DIRECTIONS:
The answer must be a word-for-word copy of the records below, with every picture left out.

(Beginning of ENTRIES SUPPLIED)

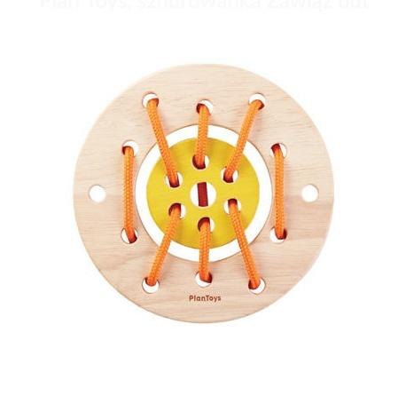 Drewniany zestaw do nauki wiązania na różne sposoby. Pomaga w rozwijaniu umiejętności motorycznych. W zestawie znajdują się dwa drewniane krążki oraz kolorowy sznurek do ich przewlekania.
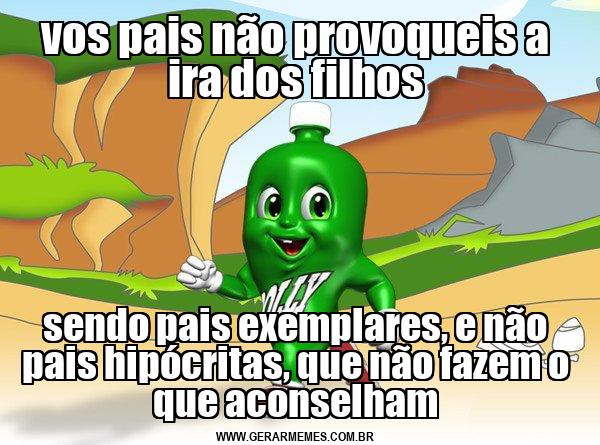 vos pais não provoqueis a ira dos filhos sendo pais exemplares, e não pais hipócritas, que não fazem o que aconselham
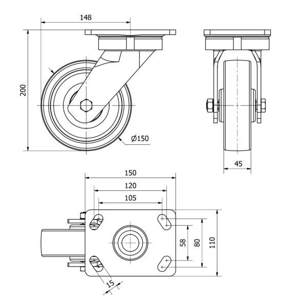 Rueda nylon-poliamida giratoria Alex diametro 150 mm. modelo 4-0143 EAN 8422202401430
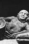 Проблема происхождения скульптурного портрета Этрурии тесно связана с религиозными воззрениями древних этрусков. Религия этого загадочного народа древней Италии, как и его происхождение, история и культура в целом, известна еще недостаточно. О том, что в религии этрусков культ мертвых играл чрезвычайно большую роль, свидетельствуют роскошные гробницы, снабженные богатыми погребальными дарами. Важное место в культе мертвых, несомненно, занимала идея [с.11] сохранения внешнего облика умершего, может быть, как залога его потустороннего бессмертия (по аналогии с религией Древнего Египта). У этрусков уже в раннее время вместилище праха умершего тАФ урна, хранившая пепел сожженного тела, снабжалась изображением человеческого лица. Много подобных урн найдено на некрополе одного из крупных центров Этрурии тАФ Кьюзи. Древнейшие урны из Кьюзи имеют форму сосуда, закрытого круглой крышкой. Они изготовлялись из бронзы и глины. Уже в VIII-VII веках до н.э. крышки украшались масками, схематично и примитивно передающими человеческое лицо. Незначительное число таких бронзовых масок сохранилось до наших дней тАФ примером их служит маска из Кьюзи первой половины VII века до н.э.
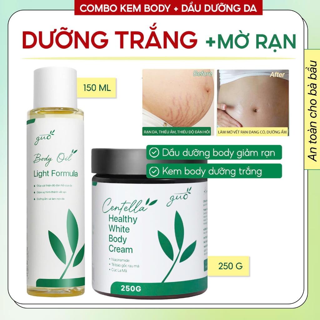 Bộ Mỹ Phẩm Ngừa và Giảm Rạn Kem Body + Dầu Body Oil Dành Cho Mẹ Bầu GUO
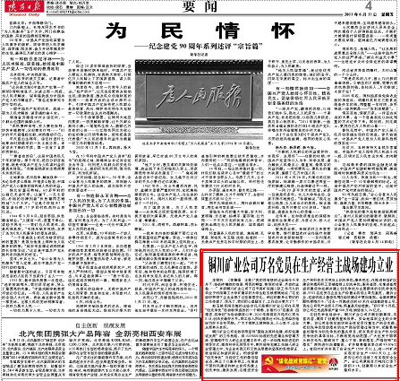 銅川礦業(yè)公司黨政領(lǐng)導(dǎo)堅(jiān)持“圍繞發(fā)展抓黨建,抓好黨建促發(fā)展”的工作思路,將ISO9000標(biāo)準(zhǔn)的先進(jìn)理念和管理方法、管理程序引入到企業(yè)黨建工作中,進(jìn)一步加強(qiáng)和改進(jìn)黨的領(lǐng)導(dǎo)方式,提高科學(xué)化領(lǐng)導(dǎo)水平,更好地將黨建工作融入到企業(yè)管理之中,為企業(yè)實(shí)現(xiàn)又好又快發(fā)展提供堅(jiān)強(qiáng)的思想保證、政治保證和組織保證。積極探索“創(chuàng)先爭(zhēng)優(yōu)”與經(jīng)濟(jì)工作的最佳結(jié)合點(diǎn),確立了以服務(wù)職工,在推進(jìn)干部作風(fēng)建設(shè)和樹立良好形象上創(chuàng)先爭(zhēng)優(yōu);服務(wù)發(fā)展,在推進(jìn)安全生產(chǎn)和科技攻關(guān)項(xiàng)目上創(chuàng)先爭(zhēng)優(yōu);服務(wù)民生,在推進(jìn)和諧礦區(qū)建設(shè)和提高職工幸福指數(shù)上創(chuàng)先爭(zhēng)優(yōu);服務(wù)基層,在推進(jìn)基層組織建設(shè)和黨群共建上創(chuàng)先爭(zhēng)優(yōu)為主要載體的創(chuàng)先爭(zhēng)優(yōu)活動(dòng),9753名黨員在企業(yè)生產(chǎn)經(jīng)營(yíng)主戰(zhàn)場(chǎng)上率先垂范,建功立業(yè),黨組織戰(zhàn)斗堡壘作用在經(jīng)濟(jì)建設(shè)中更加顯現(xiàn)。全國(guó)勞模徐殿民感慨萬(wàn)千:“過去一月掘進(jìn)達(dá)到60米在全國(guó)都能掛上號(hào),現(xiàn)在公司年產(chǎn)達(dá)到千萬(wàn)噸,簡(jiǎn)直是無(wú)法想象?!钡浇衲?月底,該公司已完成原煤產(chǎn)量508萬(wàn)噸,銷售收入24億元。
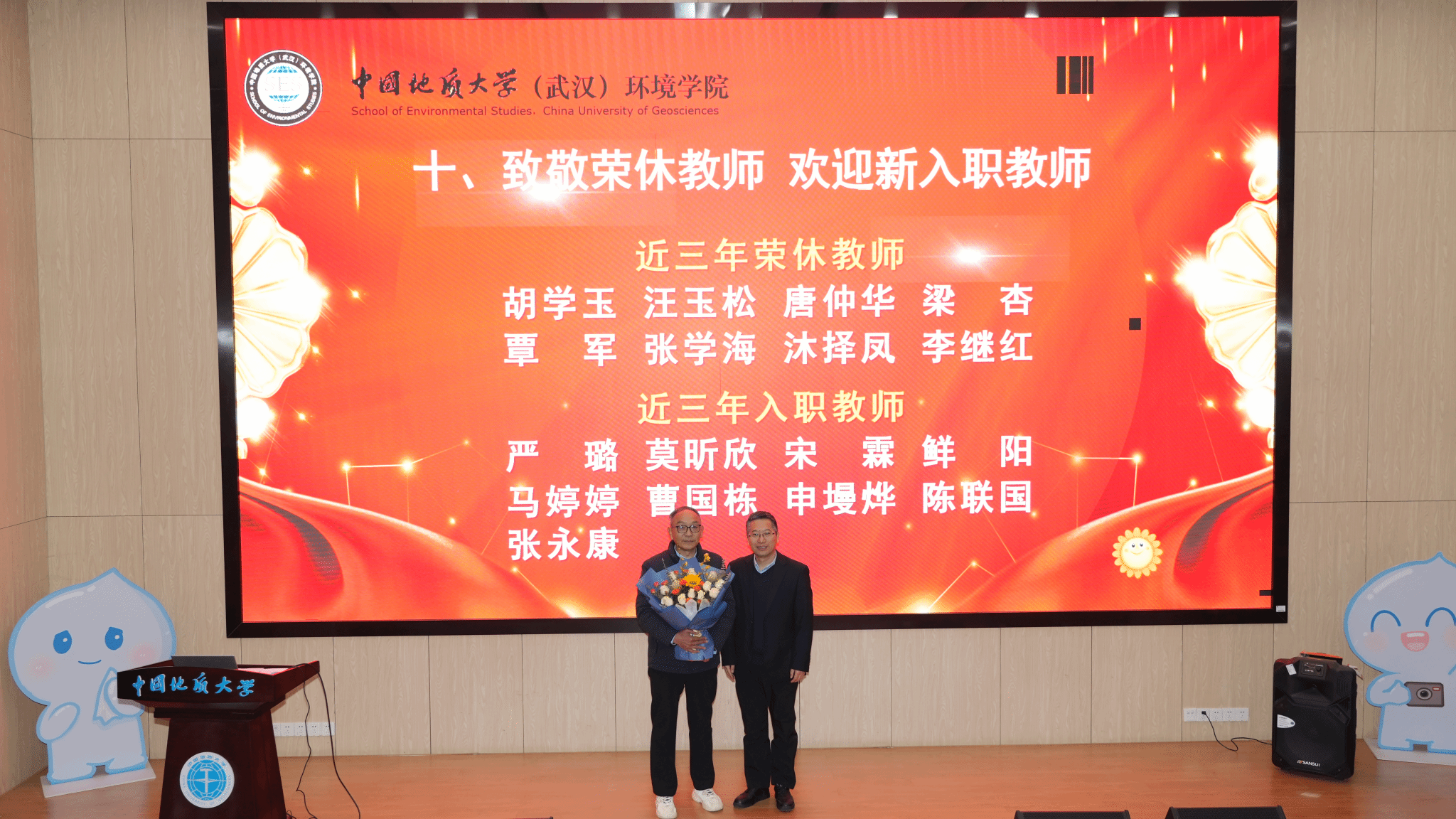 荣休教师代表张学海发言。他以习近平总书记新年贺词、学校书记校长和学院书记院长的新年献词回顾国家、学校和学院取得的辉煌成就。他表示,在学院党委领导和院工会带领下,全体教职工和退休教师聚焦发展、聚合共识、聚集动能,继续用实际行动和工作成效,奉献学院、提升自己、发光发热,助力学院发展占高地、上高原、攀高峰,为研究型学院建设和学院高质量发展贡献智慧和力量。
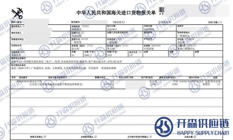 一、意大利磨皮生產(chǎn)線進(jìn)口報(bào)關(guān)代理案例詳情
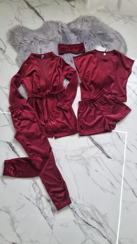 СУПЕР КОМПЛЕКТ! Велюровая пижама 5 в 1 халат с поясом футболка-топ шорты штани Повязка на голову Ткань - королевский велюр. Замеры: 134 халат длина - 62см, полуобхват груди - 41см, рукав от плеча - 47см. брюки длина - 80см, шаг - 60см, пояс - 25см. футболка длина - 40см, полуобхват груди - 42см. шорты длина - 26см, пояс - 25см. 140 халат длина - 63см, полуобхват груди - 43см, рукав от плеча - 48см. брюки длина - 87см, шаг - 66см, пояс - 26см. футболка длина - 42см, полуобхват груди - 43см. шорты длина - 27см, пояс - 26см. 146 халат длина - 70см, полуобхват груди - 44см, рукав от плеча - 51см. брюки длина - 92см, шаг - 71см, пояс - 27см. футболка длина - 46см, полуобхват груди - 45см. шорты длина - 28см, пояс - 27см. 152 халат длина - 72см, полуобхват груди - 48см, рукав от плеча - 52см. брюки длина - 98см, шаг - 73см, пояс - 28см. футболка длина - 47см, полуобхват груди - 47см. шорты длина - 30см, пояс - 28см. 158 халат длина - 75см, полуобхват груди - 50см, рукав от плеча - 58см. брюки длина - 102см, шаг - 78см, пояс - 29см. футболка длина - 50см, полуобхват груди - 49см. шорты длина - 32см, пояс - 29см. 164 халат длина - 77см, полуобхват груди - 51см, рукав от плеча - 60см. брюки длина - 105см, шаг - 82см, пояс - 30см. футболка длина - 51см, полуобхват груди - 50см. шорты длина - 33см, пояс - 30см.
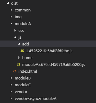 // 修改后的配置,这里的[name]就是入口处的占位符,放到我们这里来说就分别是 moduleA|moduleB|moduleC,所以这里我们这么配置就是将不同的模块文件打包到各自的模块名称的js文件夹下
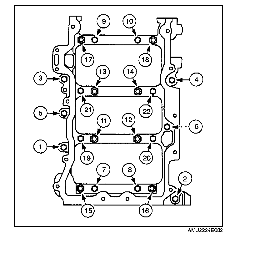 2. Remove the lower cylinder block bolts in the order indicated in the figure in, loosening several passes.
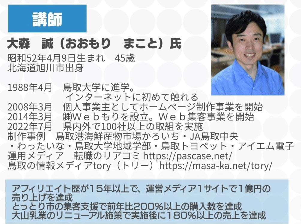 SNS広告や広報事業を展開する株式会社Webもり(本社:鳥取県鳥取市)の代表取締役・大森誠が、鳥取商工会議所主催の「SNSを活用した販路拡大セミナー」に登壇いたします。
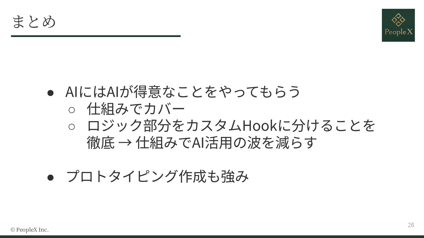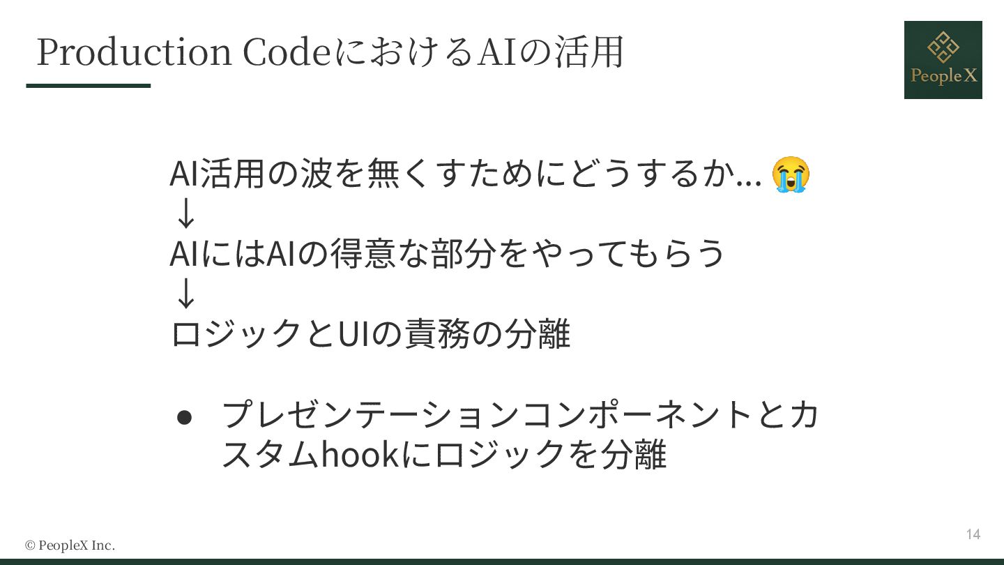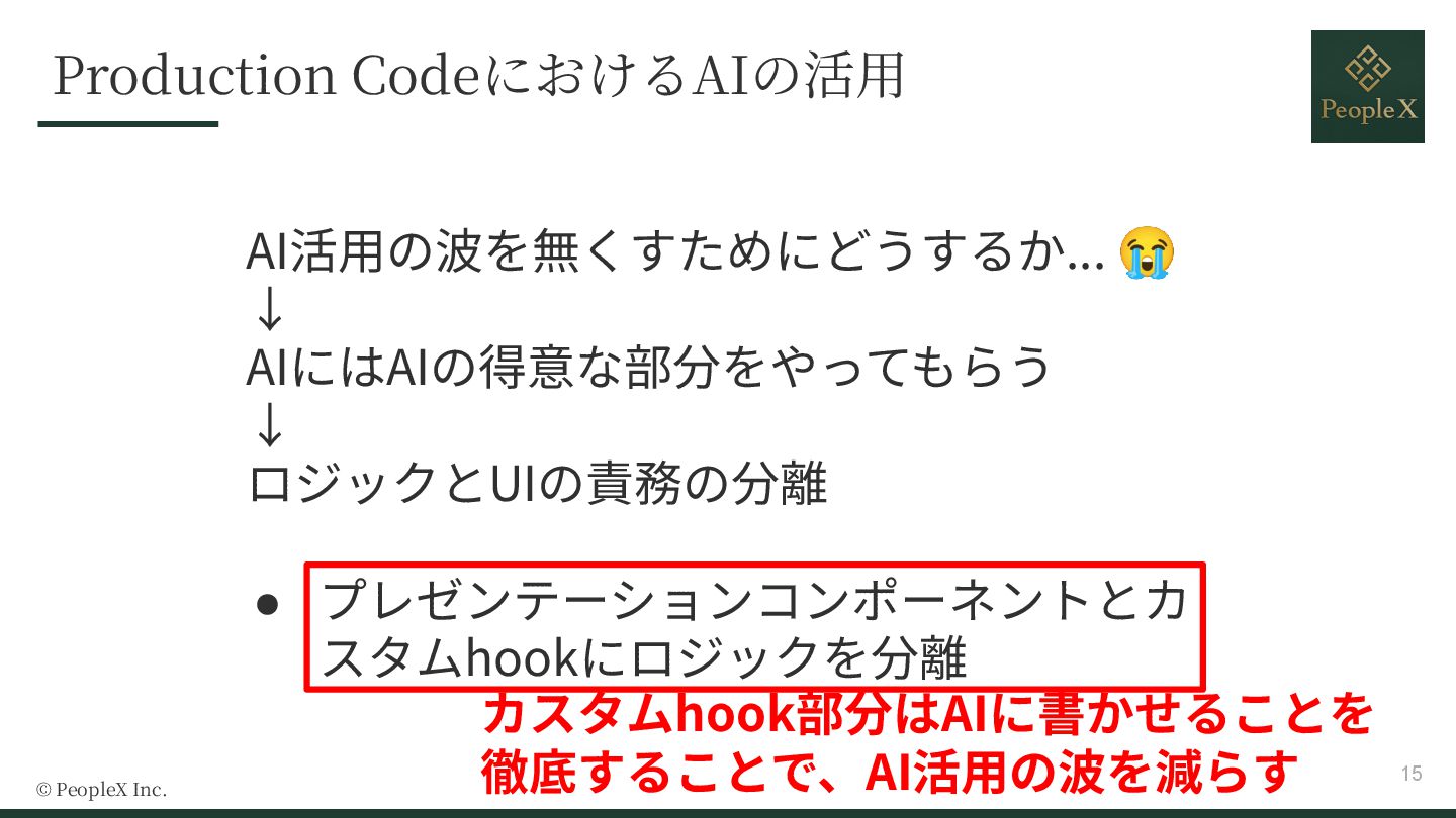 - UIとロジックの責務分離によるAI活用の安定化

(End of ENTRIES SUPPLIED)

TASK RESPONSE:
 Drewniany zestaw do nauki wiązania na różne sposoby. Pomaga w rozwijaniu umiejętności motorycznych. W zestawie znajdują się dwa drewniane krążki oraz kolorowy sznurek do ich przewlekania.
 vos pais não provoqueis a ira dos filhos sendo pais exemplares, e não pais hipócritas, que não fazem o que aconselham
 Rueda nylon-poliamida giratoria Alex diametro 150 mm. modelo 4-0143 EAN 8422202401430
 Проблема происхождения скульптурного портрета Этрурии тесно связана с религиозными воззрениями древних этрусков. Религия этого загадочного народа древней Италии, как и его происхождение, история и культура в целом, известна еще недостаточно. О том, что в религии этрусков культ мертвых играл чрезвычайно большую роль, свидетельствуют роскошные гробницы, снабженные богатыми погребальными дарами. Важное место в культе мертвых, несомненно, занимала идея [с.11] сохранения внешнего облика умершего, может быть, как залога его потустороннего бессмертия (по аналогии с религией Древнего Египта). У этрусков уже в раннее время вместилище праха умершего тАФ урна, хранившая пепел сожженного тела, снабжалась изображением человеческого лица. Много подобных урн найдено на некрополе одного из крупных центров Этрурии тАФ Кьюзи. Древнейшие урны из Кьюзи имеют форму сосуда, закрытого круглой крышкой. Они изготовлялись из бронзы и глины. Уже в VIII-VII веках до н.э. крышки украшались масками, схематично и примитивно передающими человеческое лицо. Незначительное число таких бронзовых масок сохранилось до наших дней тАФ примером их служит маска из Кьюзи первой половины VII века до н.э.
 Bộ Mỹ Phẩm Ngừa và Giảm Rạn Kem Body + Dầu Body Oil Dành Cho Mẹ Bầu GUO
 銅川礦業(yè)公司黨政領(lǐng)導(dǎo)堅(jiān)持“圍繞發(fā)展抓黨建,抓好黨建促發(fā)展”的工作思路,將ISO9000標(biāo)準(zhǔn)的先進(jìn)理念和管理方法、管理程序引入到企業(yè)黨建工作中,進(jìn)一步加強(qiáng)和改進(jìn)黨的領(lǐng)導(dǎo)方式,提高科學(xué)化領(lǐng)導(dǎo)水平,更好地將黨建工作融入到企業(yè)管理之中,為企業(yè)實(shí)現(xiàn)又好又快發(fā)展提供堅(jiān)強(qiáng)的思想保證、政治保證和組織保證。積極探索“創(chuàng)先爭(zhēng)優(yōu)”與經(jīng)濟(jì)工作的最佳結(jié)合點(diǎn),確立了以服務(wù)職工,在推進(jìn)干部作風(fēng)建設(shè)和樹立良好形象上創(chuàng)先爭(zhēng)優(yōu);服務(wù)發(fā)展,在推進(jìn)安全生產(chǎn)和科技攻關(guān)項(xiàng)目上創(chuàng)先爭(zhēng)優(yōu);服務(wù)民生,在推進(jìn)和諧礦區(qū)建設(shè)和提高職工幸福指數(shù)上創(chuàng)先爭(zhēng)優(yōu);服務(wù)基層,在推進(jìn)基層組織建設(shè)和黨群共建上創(chuàng)先爭(zhēng)優(yōu)為主要載體的創(chuàng)先爭(zhēng)優(yōu)活動(dòng),9753名黨員在企業(yè)生產(chǎn)經(jīng)營(yíng)主戰(zhàn)場(chǎng)上率先垂范,建功立業(yè),黨組織戰(zhàn)斗堡壘作用在經(jīng)濟(jì)建設(shè)中更加顯現(xiàn)。全國(guó)勞模徐殿民感慨萬(wàn)千:“過去一月掘進(jìn)達(dá)到60米在全國(guó)都能掛上號(hào),現(xiàn)在公司年產(chǎn)達(dá)到千萬(wàn)噸,簡(jiǎn)直是無(wú)法想象?!钡浇衲?月底,該公司已完成原煤產(chǎn)量508萬(wàn)噸,銷售收入24億元。
 荣休教师代表张学海发言。他以习近平总书记新年贺词、学校书记校长和学院书记院长的新年献词回顾国家、学校和学院取得的辉煌成就。他表示,在学院党委领导和院工会带领下,全体教职工和退休教师聚焦发展、聚合共识、聚集动能,继续用实际行动和工作成效,奉献学院、提升自己、发光发热,助力学院发展占高地、上高原、攀高峰,为研究型学院建设和学院高质量发展贡献智慧和力量。
 一、意大利磨皮生產(chǎn)線進(jìn)口報(bào)關(guān)代理案例詳情
 СУПЕР КОМПЛЕКТ! Велюровая пижама 5 в 1 халат с поясом футболка-топ шорты штани Повязка на голову Ткань - королевский велюр. Замеры: 134 халат длина - 62см, полуобхват груди - 41см, рукав от плеча - 47см. брюки длина - 80см, шаг - 60см, пояс - 25см. футболка длина - 40см, полуобхват груди - 42см. шорты длина - 26см, пояс - 25см. 140 халат длина - 63см, полуобхват груди - 43см, рукав от плеча - 48см. брюки длина - 87см, шаг - 66см, пояс - 26см. футболка длина - 42см, полуобхват груди - 43см. шорты длина - 27см, пояс - 26см. 146 халат длина - 70см, полуобхват груди - 44см, рукав от плеча - 51см. брюки длина - 92см, шаг - 71см, пояс - 27см. футболка длина - 46см, полуобхват груди - 45см. шорты длина - 28см, пояс - 27см. 152 халат длина - 72см, полуобхват груди - 48см, рукав от плеча - 52см. брюки длина - 98см, шаг - 73см, пояс - 28см. футболка длина - 47см, полуобхват груди - 47см. шорты длина - 30см, пояс - 28см. 158 халат длина - 75см, полуобхват груди - 50см, рукав от плеча - 58см. брюки длина - 102см, шаг - 78см, пояс - 29см. футболка длина - 50см, полуобхват груди - 49см. шорты длина - 32см, пояс - 29см. 164 халат длина - 77см, полуобхват груди - 51см, рукав от плеча - 60см. брюки длина - 105см, шаг - 82см, пояс - 30см. футболка длина - 51см, полуобхват груди - 50см. шорты длина - 33см, пояс - 30см.
 // 修改后的配置,这里的[name]就是入口处的占位符,放到我们这里来说就分别是 moduleA|moduleB|moduleC,所以这里我们这么配置就是将不同的模块文件打包到各自的模块名称的js文件夹下
 2. Remove the lower cylinder block bolts in the order indicated in the figure in, loosening several passes.
 SNS広告や広報事業を展開する株式会社Webもり(本社:鳥取県鳥取市)の代表取締役・大森誠が、鳥取商工会議所主催の「SNSを活用した販路拡大セミナー」に登壇いたします。
 - UIとロジックの責務分離によるAI活用の安定化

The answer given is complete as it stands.